Anatalyst Pipeline Core API

This document provides detailed documentation for the core components of the Anatalyst framework. The core modules form the foundation of the pipeline system, handling tasks such as configuration parsing, data management, module execution, and pipeline orchestration.

Overview

Analyst is designed around a modular architecture that allows for flexible composition of analysis workflows. Each analysis is broken down into a series of modules that each perform a specific task with the data. The core components facilitate this by:

1. Configuration Management: Reading and validating YAML configuration files that define pipeline steps
2. Data Context: Managing shared data between modules and providing checkpointing capabilities
3. Module System: Defining the base interface for all analysis modules
4. Pipeline Execution: Orchestrating the execution of modules in sequence

Core Components

ConfigParser

The ConfigParser class handles the reading and validation of YAML configuration files that define pipeline structure and parameters.
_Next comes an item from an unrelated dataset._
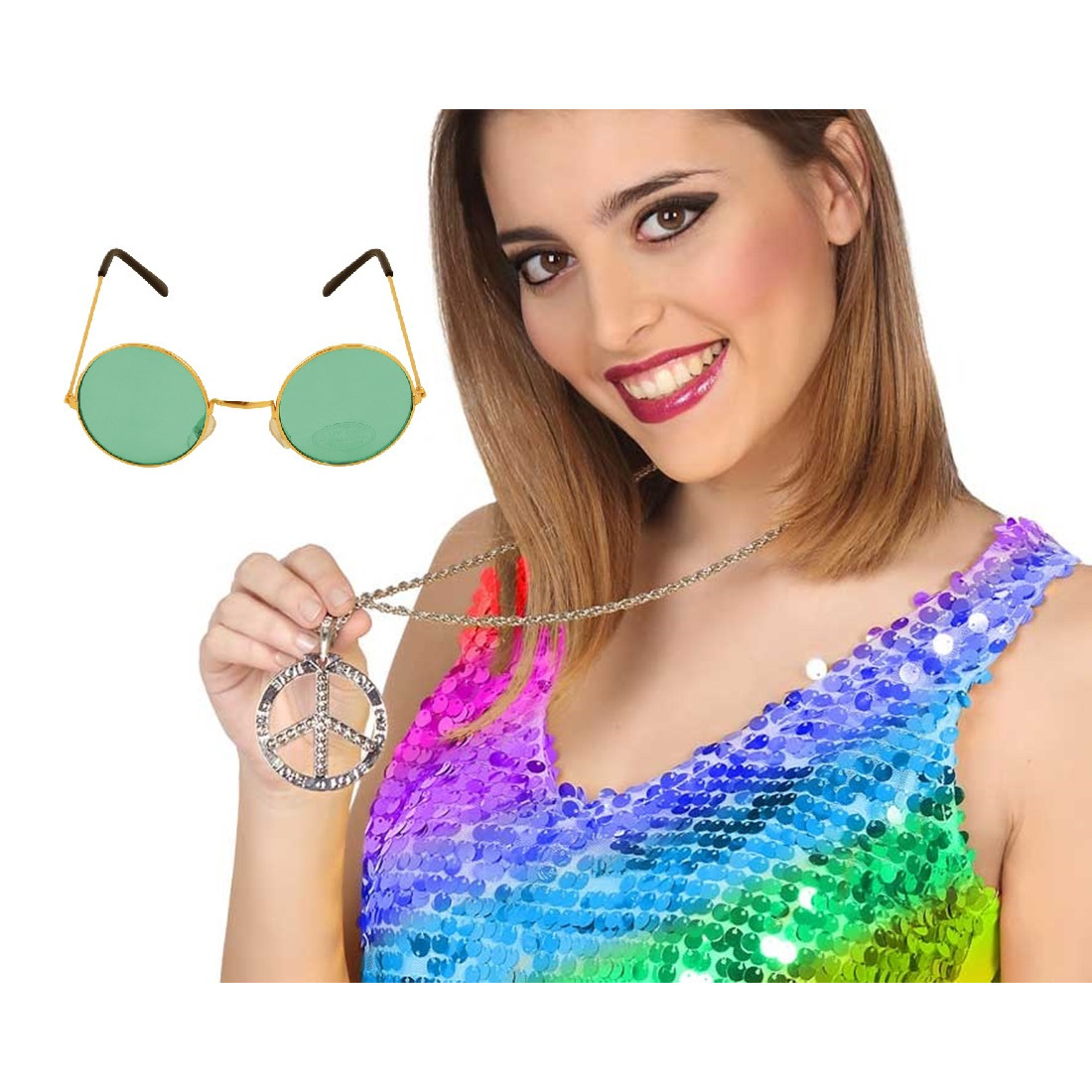 Hippie Flower Power of Sixties verkleed accessoires setje voor dames en heren bestaande uit een peace teken ketting in het zilver en een verkleed bril met ronde glazen in het groen. Materiaal: kunststof/metaal. Zo ben je snel helemaal in je rol. Carnaval thema verkleedkleding accessoires voor bij je outfit. Wat je nog kan toevoegen: kostuum, joint, pruik, hoed. , Dit artikel bestaat uit:, 1x Grote bling hippie sixties verkleed ketting met vredesteken, 1x Carnaval verkleedbril – ronde glazen – groen – flower power – hippie

from sc_pipeline.core.config import ConfigParser

parser = ConfigParser()
config = parser.parse("path/to/config.yaml")

Key Methods

• parse(config_file): Parses a YAML configuration file and returns the validated configuration dictionary.
• _validate_config(config): Internal method that validates the structure of the configuration.
• _set_defaults(config): Internal method that sets default values for optional configuration parameters.

Configuration Structure

A basic configuration file should have the following structure:

pipeline:
  name: my_pipeline
  output_dir: ./output
  r_memory_limit_gb: 8  # Optional
  figure_defaults:      # Optional
    width: 8
    height: 6
  checkpointing:        # Optional
    enabled: true
    modules_to_checkpoint: all  # or a list of module names
    max_checkpoints: 5

modules:
  - name: module1
    type: ModuleType
    params:
      param1: value1
      param2: value2

  - name: module2
    type: AnotherModuleType
    params:
      param1: value1

Scope

In order to provide module level access to the pipeline's configuration, the executor adds the entire parsed configuration to the DataContext shortly after its instantiation before any modules are run. This can be accessed from inside any module using data_context.get('CONFIG')

DataContext

The DataContext class provides a shared storage space for data passed between modules in the pipeline. It also offers checkpointing capabilities to save and restore pipeline state. Anything handled inside of a module that is not explicitly written to a file space or to the DataContext will be unavailable

from sc_pipeline.core.data_context import DataContext

# Create a data context with checkpointing enabled
data_context = DataContext(checkpoint_dir="./checkpoints", max_checkpoints=3)

# Store and retrieve data
context.set("key", value)
value = context.get("key")

# Save and load checkpoints
context.save_checkpoint("after_module1")
context.load_checkpoint("after_module1")

Figure Generation

To better facilitate record keeping and report generation at the end of the workflow, the DataContext class has a built in add_figure method. This takes the name of the module generating the figure, and optional title, description, caption, and image_path arguments. This is designed to be compatible with the ReportGenerator module, which will essentially string together an html document of these elements. The save_figure method of the AnalysisModule class returns the path of the saved image, which can then be passed right to the DataContext.add_figure() method if you want to include the generated figure.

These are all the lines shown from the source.